外の音を頼りにしようにも何も聞こえて来ることはなく、かえって不気味に感じてしまう。
「ふむ」
『ミラ様、ここでお待ち下さいね?』
「流石に、飛び出したりはしないよ。敵襲だとしても、アリシエルやとーまくん、スヴィータもいるんだ、私が出るまでもない」
『一応、準備しておくからね!』
『きゅきゅ!』
ティムがダイアリーに飛び込んで、フィアールカが雷光九尾へ戻って行く。
同じくメサルもダイアリーに入り込み、サビクが首から右の二の腕へ移動する。
緊張が馬車の中を包む中、刻一刻と時間は過ぎて、何十分と経ったかに思われた頃。
馬車の扉をコンコンと叩くノックの音と、呼び掛けるとーまくんの声。
「ミラさん、無事ですか?」
「ミリアちゃん、もう戻っていいよ。とーまくん、何があったんだい?」
「あー、フィールドボスってやつです。でっかいモグラで、頭を出したのがちょうど目の前で驚きました」
ぽよんとくず餅に戻ったミリアちゃんを受け止めて膝に下ろし、窓を開ける。
とーま君と、キサラちゃんの姿を確認して一安心した後に馬車を降りると、とーまくんの言ったとおりにでっかいもぐらが仰向けに倒れていて、そのもぐらにアリシエルが何やら魔法をかけている光景が視界に映る。
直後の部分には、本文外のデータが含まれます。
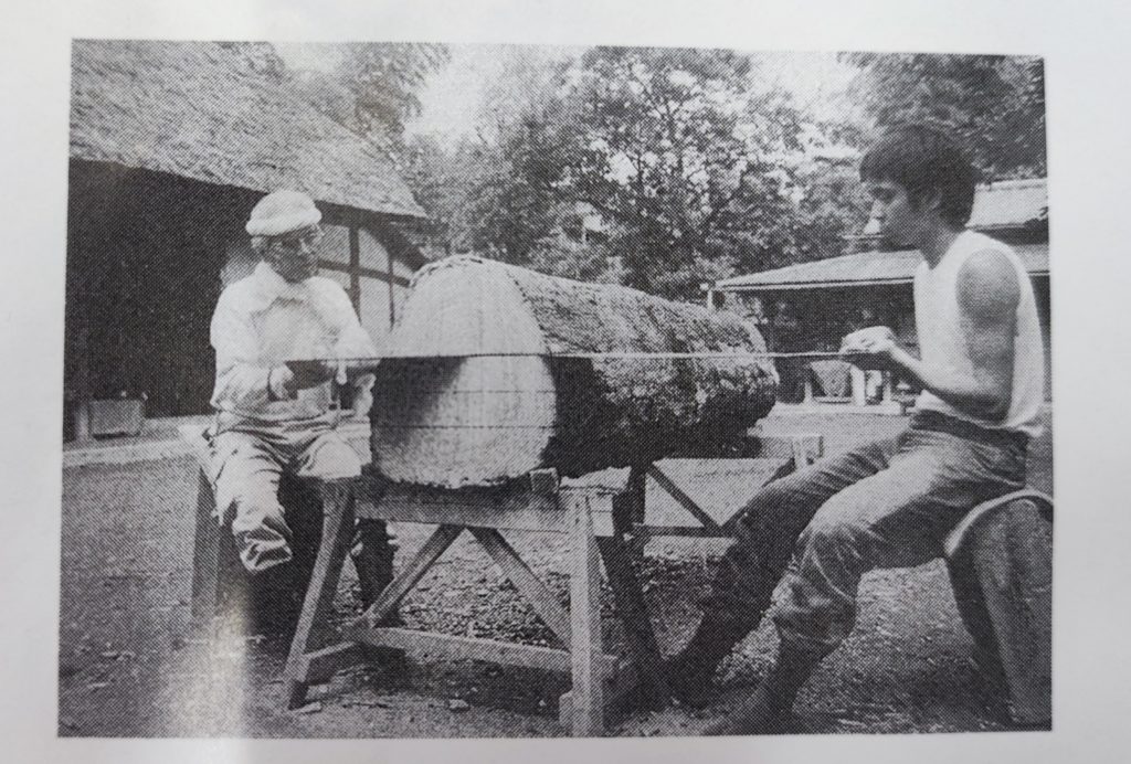 昼休みは木挽の歴史について勉強中なので、前回の「木取り」「墨掛け」に続いて挽く作業を見てみよる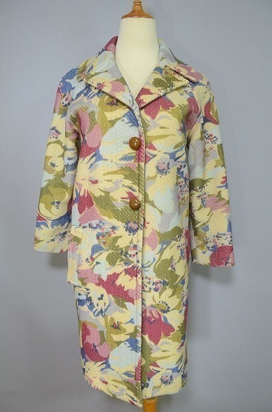 > A1783/美品 秋冬 LALTRAMODA ラルトラモーダ ウール 花柄 総柄 くるみ釦 ロング チェスターコートL 11程 マルチカラー/レディース 三喜商事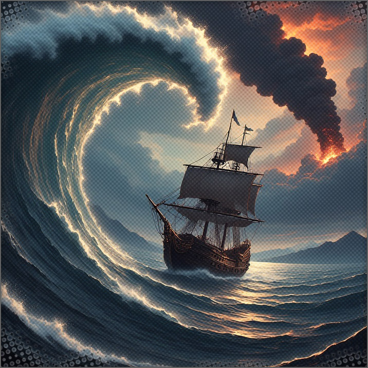DMaster: CAP: Northbound M’Lord, there are billows of smoke. Its the Volcano no doubt, its erupting. It will send tidal wave after tidal wave at us. It must be creating underwater quakes. we need to get to safe harbor soon! We anchored a few yards from the cave. We are now a good 1/2 mile away, that is how much the waves have pushed us!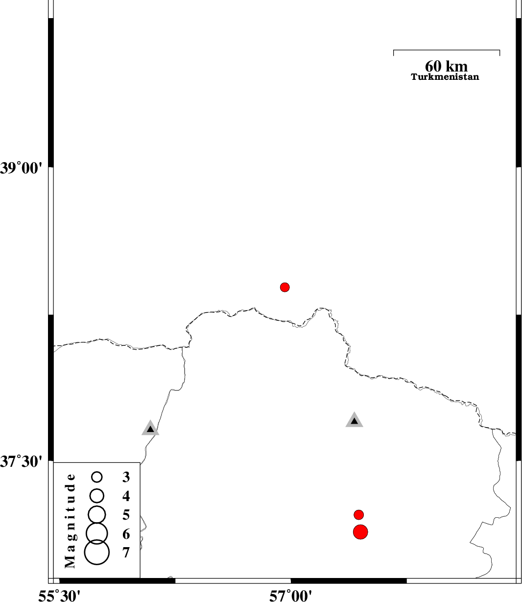 | 2011/12/11 | 04:17:20.9 | 07:47:20.9 | 38.39 | 56.96 | 6 | ML:2.7 | Turkmenistan, 94 km North of Ashkhaneh | ||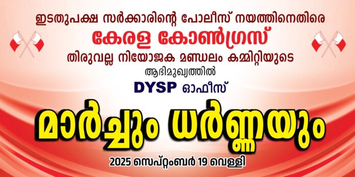 തിരുവല്ല : സംസ്ഥാനത്തെ പോലീസിൻ്റെ കിരാത തേർവാഴ്ചക്കെതിരെയും, മർദ്ദനങ്ങൾക്കെതിരെയും കേരളാ കോൺഗ്രസ് തിരുവല്ല നിയോജക മണ്ഡലം കമ്മറ്റിയുടെ ആഭിമുഖ്യത്തിൽ സെപ്റ്റബർ 19-ന് രാവിലെ 10 മണിക്ക് തിരുവല്ല പോലീസ് സ്റ്റേഷൻ മാർച്ചും, ധർണയും കേരളാ കോൺഗ്രസ് പാർട്ടി സംസ്ഥാന വൈസ് പ്രസിഡന്റ് ജോസഫ് എം പുതുശ്ശേരി ഉദ്ഘാടനം ചെയ്യും. നിയോജകമണ്ഡലം പ്രസിഡൻ്റ് രാജു പുളിംബള്ളി അദ്ധ്യക്ഷത വഹിക്കും.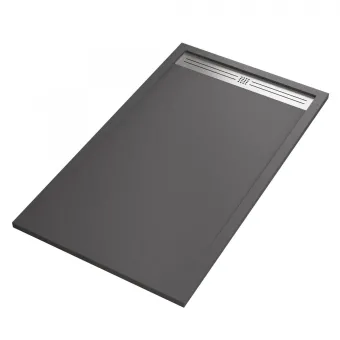 Receveur de douche Marmoresina MOON ultra mince de 3 cm de couleur anthracite en marbre minéral de haute qualité avec effet pierre. Ultra-résistant et avec revêtement GelCoat peut être coupé à la taille . Grille de décharge latérale design en acier inoxydable. Produit et livré en 9-10 jours ouvrables.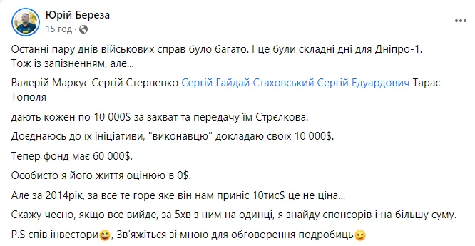 Валерій Маркус, Сергій Стерненко, Сергій Гайдай, Сергій Стаховський і Тарас Тополя дають кожен по 10 тисяч доларів за захоплення та передачу їм Стрелкова. Доєднаюсь до їхньої ініціативи – "виконавцю" докладаю своїх 10 тисяч. Тепер фонд має 60 тисяч доларів.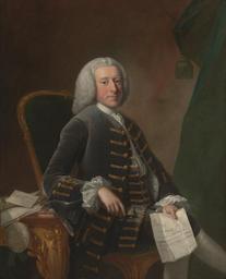 | Keywords: Thomas Hudson - Charles Pinfold - Google Art Project.jpg No inscription Inscription _Signed_and_Dated Signed and dated in ocher color left center T Hudson Pinxit 1756 Not on View Oil on canvas sitting seated Pinfold Charles man documents chair desk table curtain portrait papers special url_id BgF0zURLDYyw4A PD-old-100-1923 1779 Google Art Project works by Thomas Hudson 18th-century portrait paintings in the Yale Center for British Art | ||||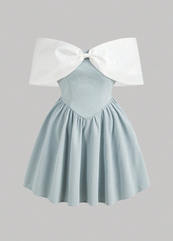 SHEIN MOD – Коротка сукня у стилі з А-силуетом вигідно підкреслює фігуру. Висока талія та розкльошений поділ. Сукня прикрашена бантом. Машинне прання або хімчистка.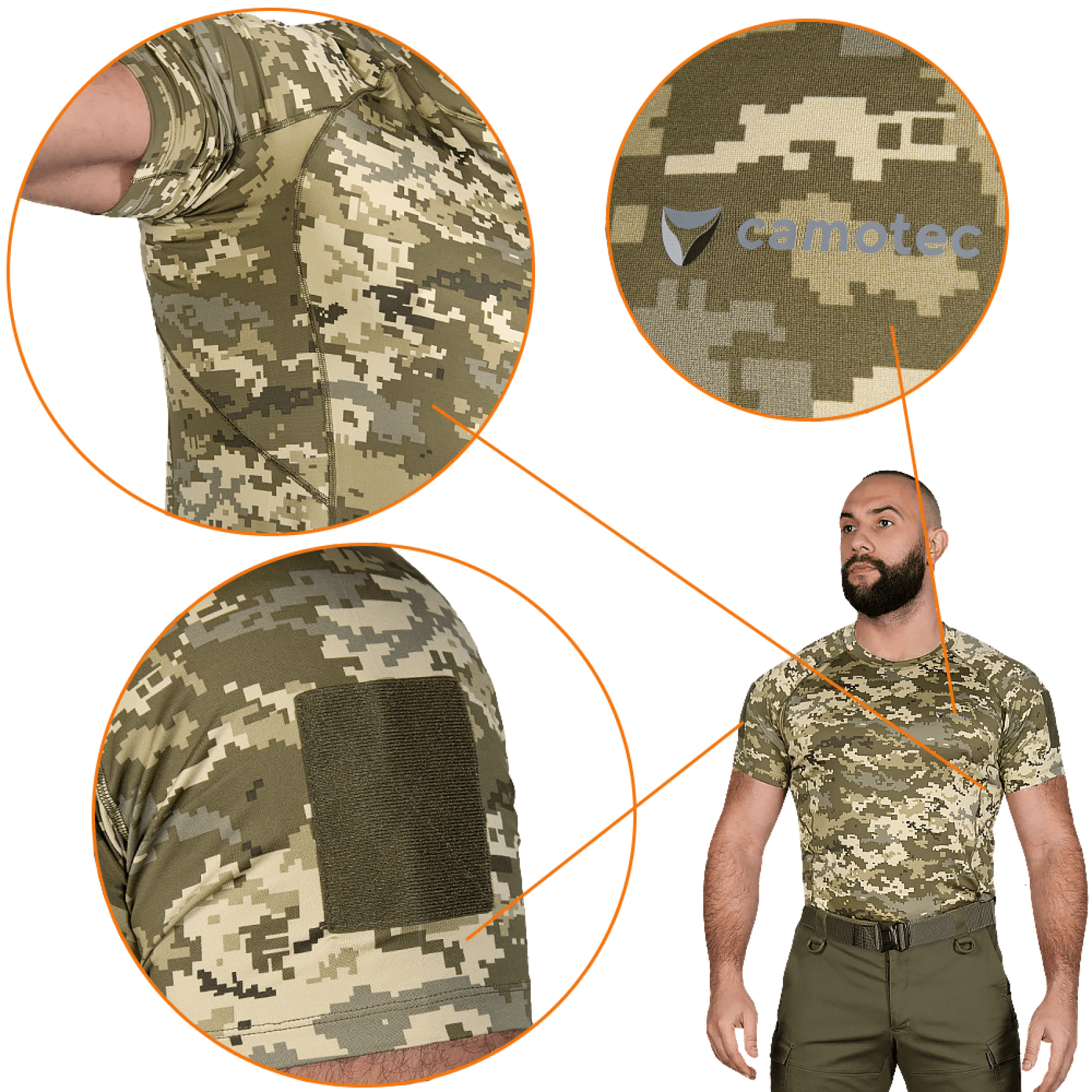 Футболка Camotec Thorax Patrol Піксель, яка ідеально вписується в концепцію пошарового одягання як перший базовий шар, завдяки своїм вологовідвідним властивостям. Її можна використовувати окремо як стильну формену футболку, завдяки липучкам на рукавах.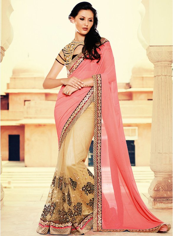 Jabong has Hypnotex Pink Embroidered Saree for Rs.12,100.00 with Free Shipping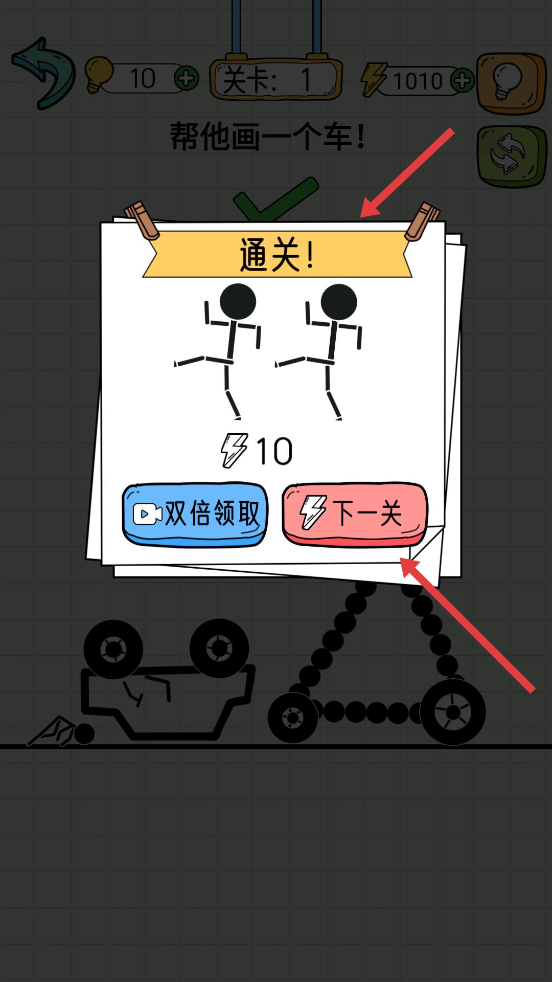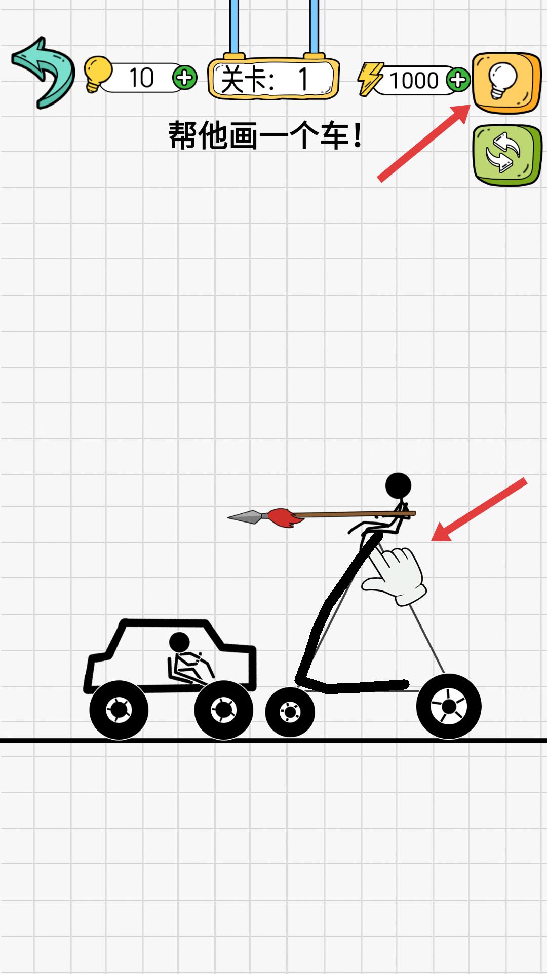 3、進(jìn)入關(guān)卡后,會有任務(wù)提示,比如幫火柴人畫一輛車,按照提示在合適區(qū)域畫線,助力火柴人完成任務(wù)。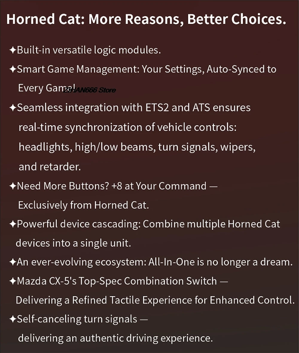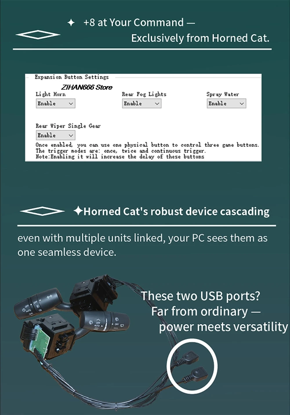 NOTA:Solo limpiaparabrisas, volante no incluido.* Construido con numerosas lógicas para que elijas*Potente gestión del juego, diferentes configuraciones de juego con diferente lógica, conmutación automática siguiendo el juego*EUKA 2 y Meika son perfectamente compatibles, con faros, luces altas y bajas, señales de giro, limpiaparabrisas y retardadores sincronizados en tiempo real para usted.*¿No hay suficientes botones?La función de extensión única le proporciona 8 botones adicionales para expansión.* Potente dispositivo en cascada que puede combinar varios dispositivos Horned Cat en un solo dispositivoUna computadora es sólo un dispositivo*Un ecosistema que mejora constantemente, AllIn One no es un sueño.*El interruptor superior de línea Mazda CX5 le proporciona una mejor experiencia operativa* Rebote automático, que le brinda una experiencia de conducción real

ぐるりと見回せば、周囲を警戒しているスヴィータやレクスの姿があって、馬車をひいていてくれていたわんこも無事のようで。
「アレが出てくるってことは、もう港町はすぐそこですよ、ミラさん」
「それは楽しみだね。で、アリシエルはあれ、何してるの?」
「なんか、配下に加えられないか試すとか言ってましたね」
「……ボスって配下に出来るの?」
「さあ?」
ついでにこのまま小休憩を取ることにして、数分ほど。
アリシエルの頑張りも虚しくもぐらがキラキラ輝く粒子になって消えた頃、再び馬車へと乗り込み旅路を再開して。
一時間ほど経ったころ、私たちは目的地の町へと到着したのだった。